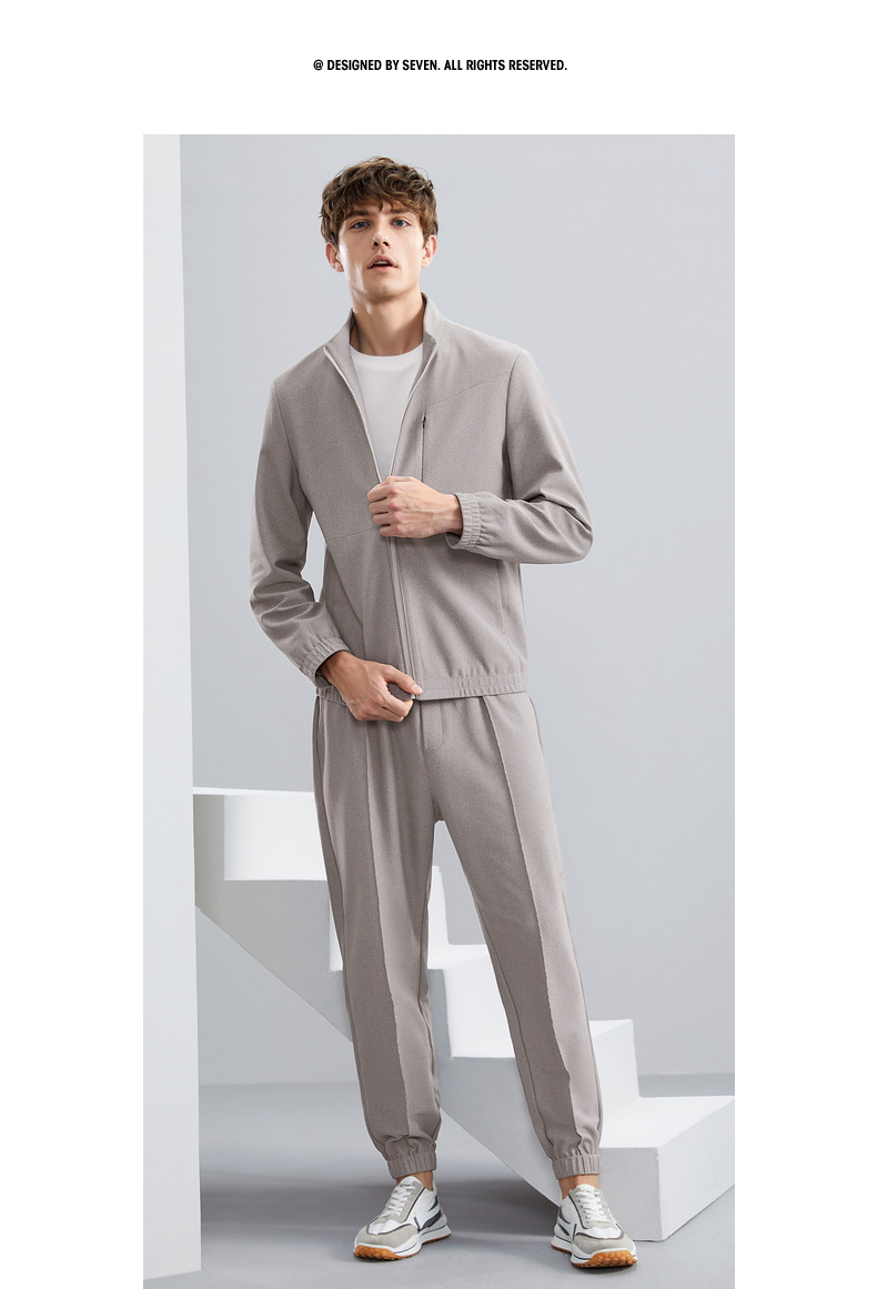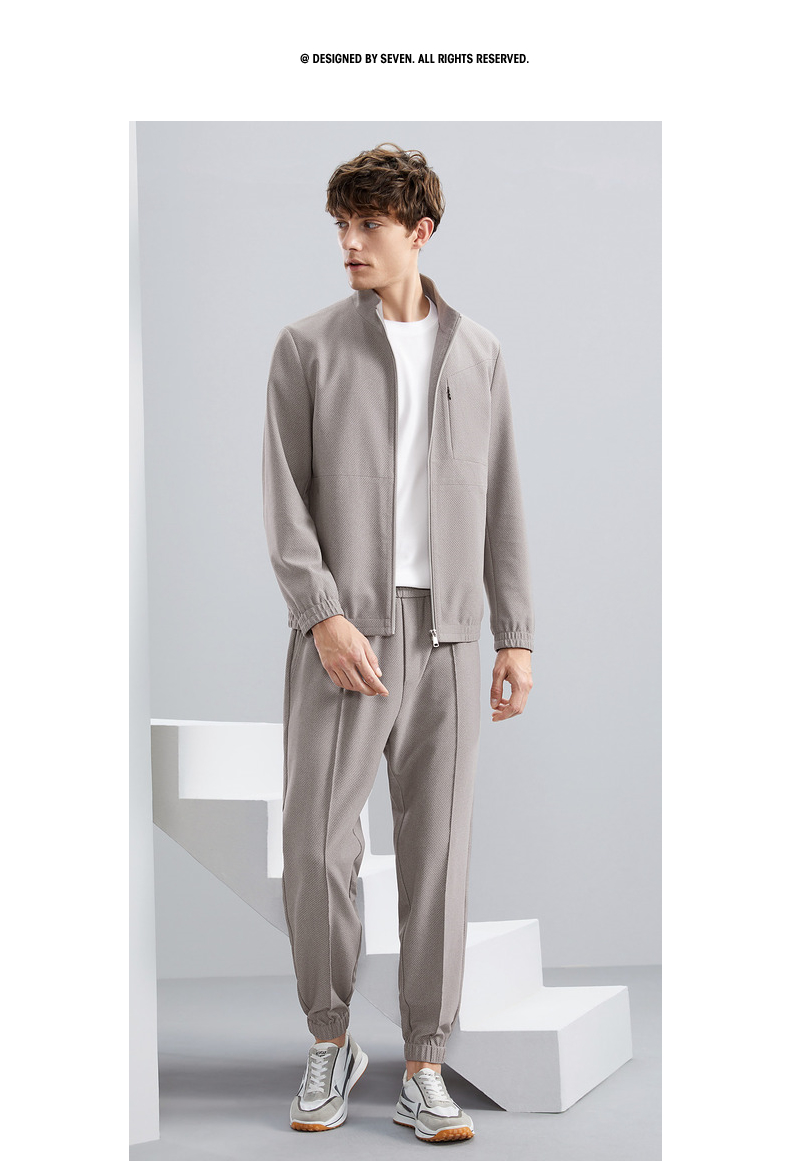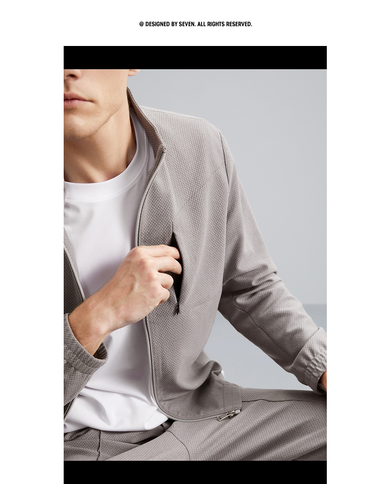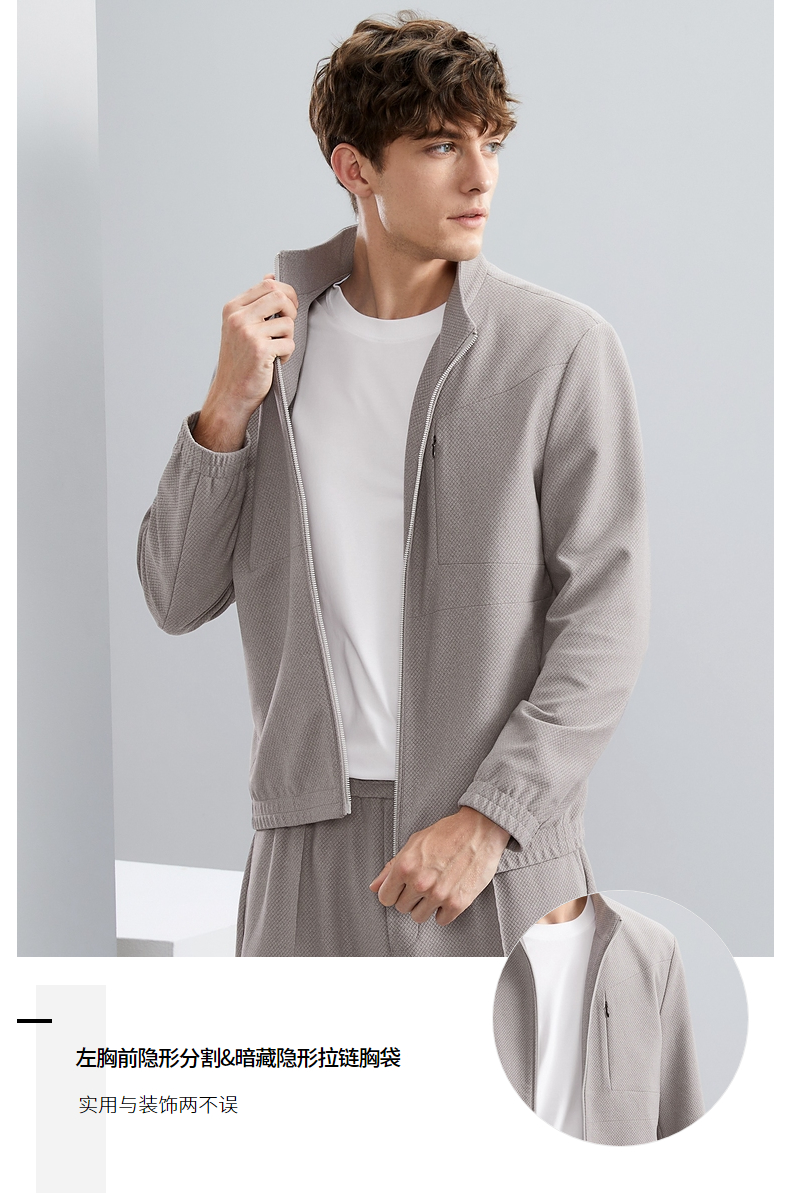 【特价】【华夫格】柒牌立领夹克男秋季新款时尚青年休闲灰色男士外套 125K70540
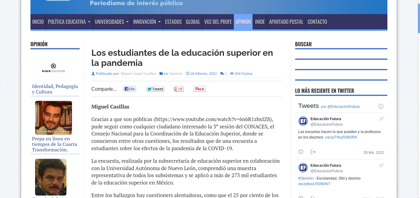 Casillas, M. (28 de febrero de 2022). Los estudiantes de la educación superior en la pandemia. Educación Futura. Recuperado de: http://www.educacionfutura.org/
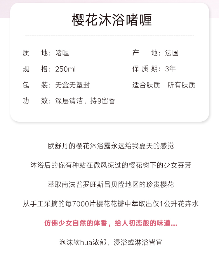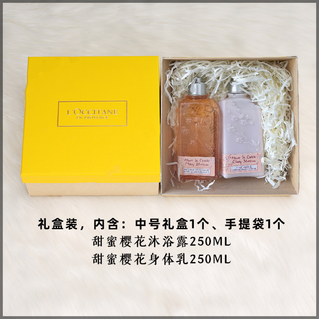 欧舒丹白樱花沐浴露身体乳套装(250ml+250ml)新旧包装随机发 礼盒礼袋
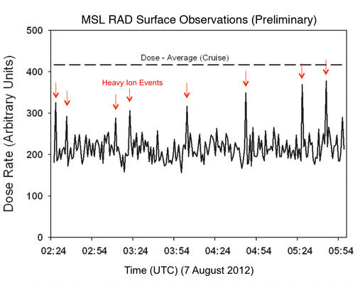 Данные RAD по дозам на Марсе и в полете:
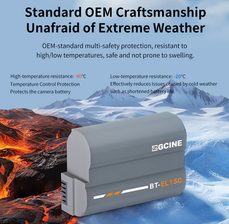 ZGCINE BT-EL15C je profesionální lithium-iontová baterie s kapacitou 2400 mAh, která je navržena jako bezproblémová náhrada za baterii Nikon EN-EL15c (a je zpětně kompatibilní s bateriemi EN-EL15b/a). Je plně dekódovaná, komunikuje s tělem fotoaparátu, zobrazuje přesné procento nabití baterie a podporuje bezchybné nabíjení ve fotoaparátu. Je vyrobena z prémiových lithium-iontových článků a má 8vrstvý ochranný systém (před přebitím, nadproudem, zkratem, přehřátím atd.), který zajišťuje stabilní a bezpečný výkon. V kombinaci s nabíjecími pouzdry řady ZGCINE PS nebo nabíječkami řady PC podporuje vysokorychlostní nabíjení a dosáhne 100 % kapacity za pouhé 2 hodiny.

———

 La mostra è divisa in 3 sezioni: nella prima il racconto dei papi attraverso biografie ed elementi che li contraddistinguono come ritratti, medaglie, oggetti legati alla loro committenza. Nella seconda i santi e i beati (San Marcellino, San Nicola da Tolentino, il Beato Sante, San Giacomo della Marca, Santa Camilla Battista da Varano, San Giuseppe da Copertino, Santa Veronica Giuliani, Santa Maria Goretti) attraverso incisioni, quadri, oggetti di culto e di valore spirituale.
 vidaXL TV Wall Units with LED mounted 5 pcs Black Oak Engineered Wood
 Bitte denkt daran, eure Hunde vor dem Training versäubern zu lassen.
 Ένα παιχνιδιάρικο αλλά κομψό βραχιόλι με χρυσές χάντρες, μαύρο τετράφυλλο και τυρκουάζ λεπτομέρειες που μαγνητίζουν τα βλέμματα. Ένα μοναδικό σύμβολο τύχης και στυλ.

———

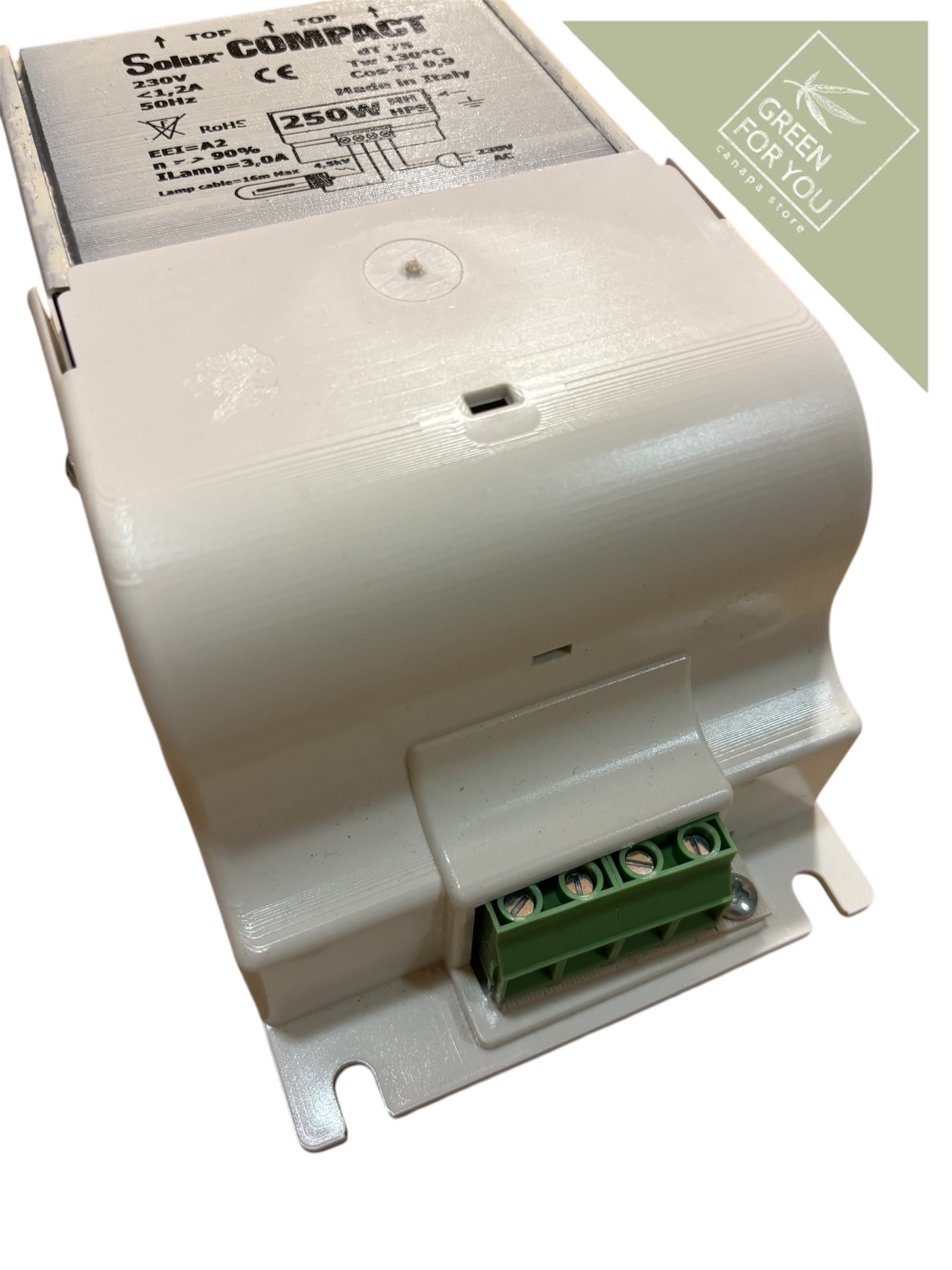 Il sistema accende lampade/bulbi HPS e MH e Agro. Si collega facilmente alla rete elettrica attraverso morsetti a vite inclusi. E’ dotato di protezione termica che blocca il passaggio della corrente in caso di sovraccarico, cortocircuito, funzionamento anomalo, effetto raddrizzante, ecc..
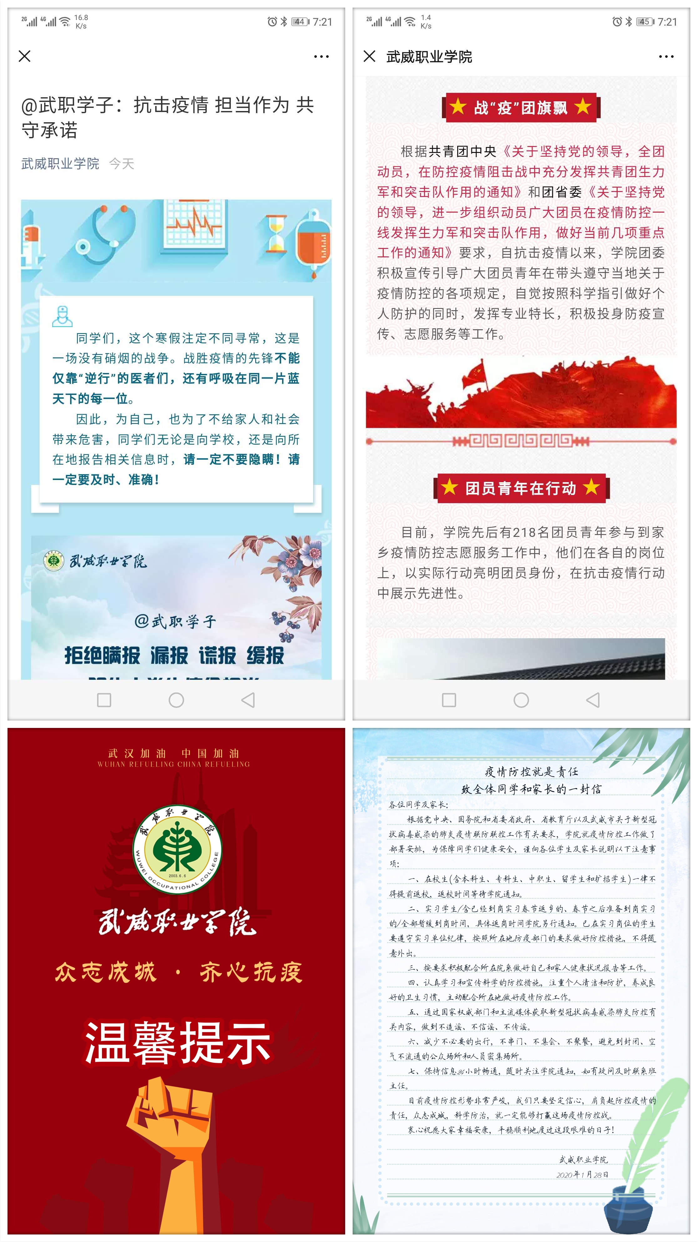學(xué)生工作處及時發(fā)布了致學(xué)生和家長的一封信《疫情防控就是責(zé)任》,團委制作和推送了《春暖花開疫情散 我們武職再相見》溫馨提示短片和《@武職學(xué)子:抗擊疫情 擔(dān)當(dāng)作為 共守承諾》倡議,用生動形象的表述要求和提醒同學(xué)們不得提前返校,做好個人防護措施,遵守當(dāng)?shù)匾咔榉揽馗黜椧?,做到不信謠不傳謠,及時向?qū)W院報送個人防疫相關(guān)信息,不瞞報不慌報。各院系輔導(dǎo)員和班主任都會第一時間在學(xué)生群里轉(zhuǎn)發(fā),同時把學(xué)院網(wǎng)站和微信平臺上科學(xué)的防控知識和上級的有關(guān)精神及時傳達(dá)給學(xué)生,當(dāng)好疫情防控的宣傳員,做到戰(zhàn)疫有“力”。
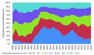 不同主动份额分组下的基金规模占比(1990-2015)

———

[Aim of the exercise]: Extract from the material above the stretch running from the line containing "Casillas, M. (28" through the line containing "ZGCINE BT-EL15C je". Keep the text exact and the pictures out.

[Answer area]:
 Casillas, M. (28 de febrero de 2022). Los estudiantes de la educación superior en la pandemia. Educación Futura. Recuperado de: http://www.educacionfutura.org/
 欧舒丹白樱花沐浴露身体乳套装(250ml+250ml)新旧包装随机发 礼盒礼袋
 Данные RAD по дозам на Марсе и в полете:
 ZGCINE BT-EL15C je profesionální lithium-iontová baterie s kapacitou 2400 mAh, která je navržena jako bezproblémová náhrada za baterii Nikon EN-EL15c (a je zpětně kompatibilní s bateriemi EN-EL15b/a). Je plně dekódovaná, komunikuje s tělem fotoaparátu, zobrazuje přesné procento nabití baterie a podporuje bezchybné nabíjení ve fotoaparátu. Je vyrobena z prémiových lithium-iontových článků a má 8vrstvý ochranný systém (před přebitím, nadproudem, zkratem, přehřátím atd.), který zajišťuje stabilní a bezpečný výkon. V kombinaci s nabíjecími pouzdry řady ZGCINE PS nebo nabíječkami řady PC podporuje vysokorychlostní nabíjení a dosáhne 100 % kapacity za pouhé 2 hodiny.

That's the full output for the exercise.